I have DMed roughly a dozen campaigns in 3rd, 3.5, and 4th edition over the past 10 years. This venture is one based on a made-up world, Toren, in which Ioun silenced the world's magic for a thousand years, and a mysterious race called the praetorians discovered steam power and gunpowder in the interim. Magic returned following the discovery of the Libram of Ioun, and now technology and magic must coexist. 
[sblock=Warning: Actual Spoiler!]Tiamat's followers are trying to travel through the Astral Sea to another planet, in order to release an agent of Tiamat, the evil dragon Glimmerscythe. This they hope will bring about an era of the world where evil can operate freely. On the other side of the world is the nation of Tarpon, planning to use steam power and magic to create mechanical suits of armor capable of great destruction.[/sblock]
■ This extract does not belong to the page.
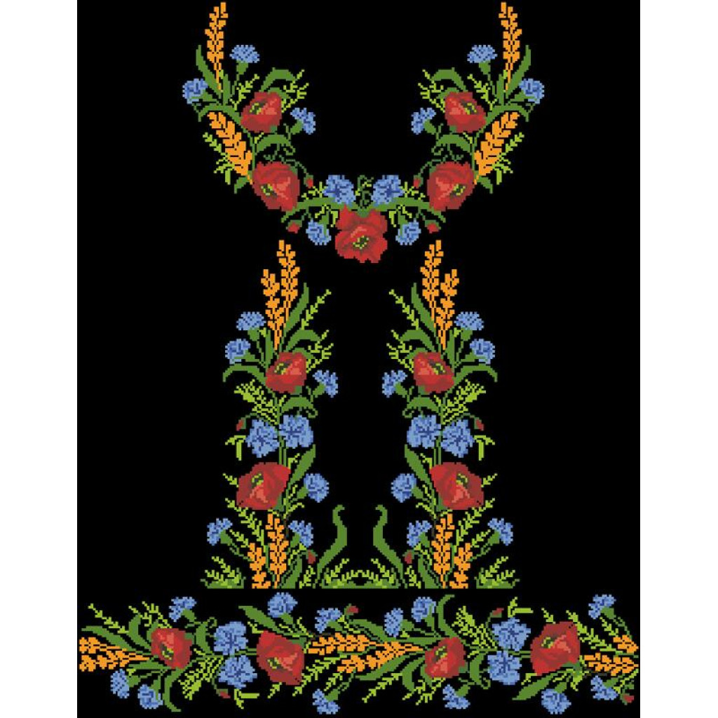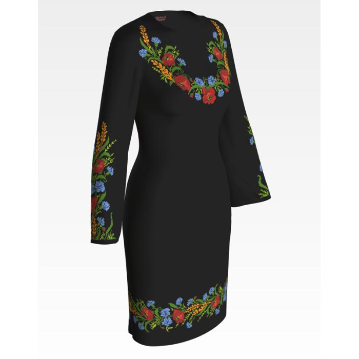 Заготовка для вишивки жіночої сукні Польові квіти призначена для часткової зашивки бісером або нитками. Схема надрукована на льоні чорного кольору екологічно чистими стійкими фарбами, що не змиваються після прання. Відрізи розкроєні з урахуванням необхідних запасів для зручного вишивання та подальшого пошиття виробу.

Don't try to take it all in at once, just read the basics, check out the samples I have made, and go from there. Its basically the default D&D world with some major historical differences (and thus alot of stuff I wrote to make it sound good, at least in my mind; as you will soon see I am meticulous..). Start here on this Wiki, be sure to check out the page entitled Character Submission Guidelines: IounsDrought - home

Respond here: viewtopic.php?f=232&t=2164 with character submissions.

If you don't know where to start, but are interested in playing, gimme a yell I can help ya out. I now have 4 players from the Wizards forums, and can only take 1 more unless something changes. Striker is the one role the team is lacking, though I have found that a group with sense can do fine without a certain role filled. 
I have decided to hold the game there (at Play by Post, Dice Roller & Web Map Maker - Index page, using the Pbpmapper interface. I am looking for players willing to post once every day or two days, and definitely once per day during combats (if I can get you to commit to more frequent posting during combats that would be nice).


----------



## BabyJ (Feb 26, 2010)

Recruiting closed.


----------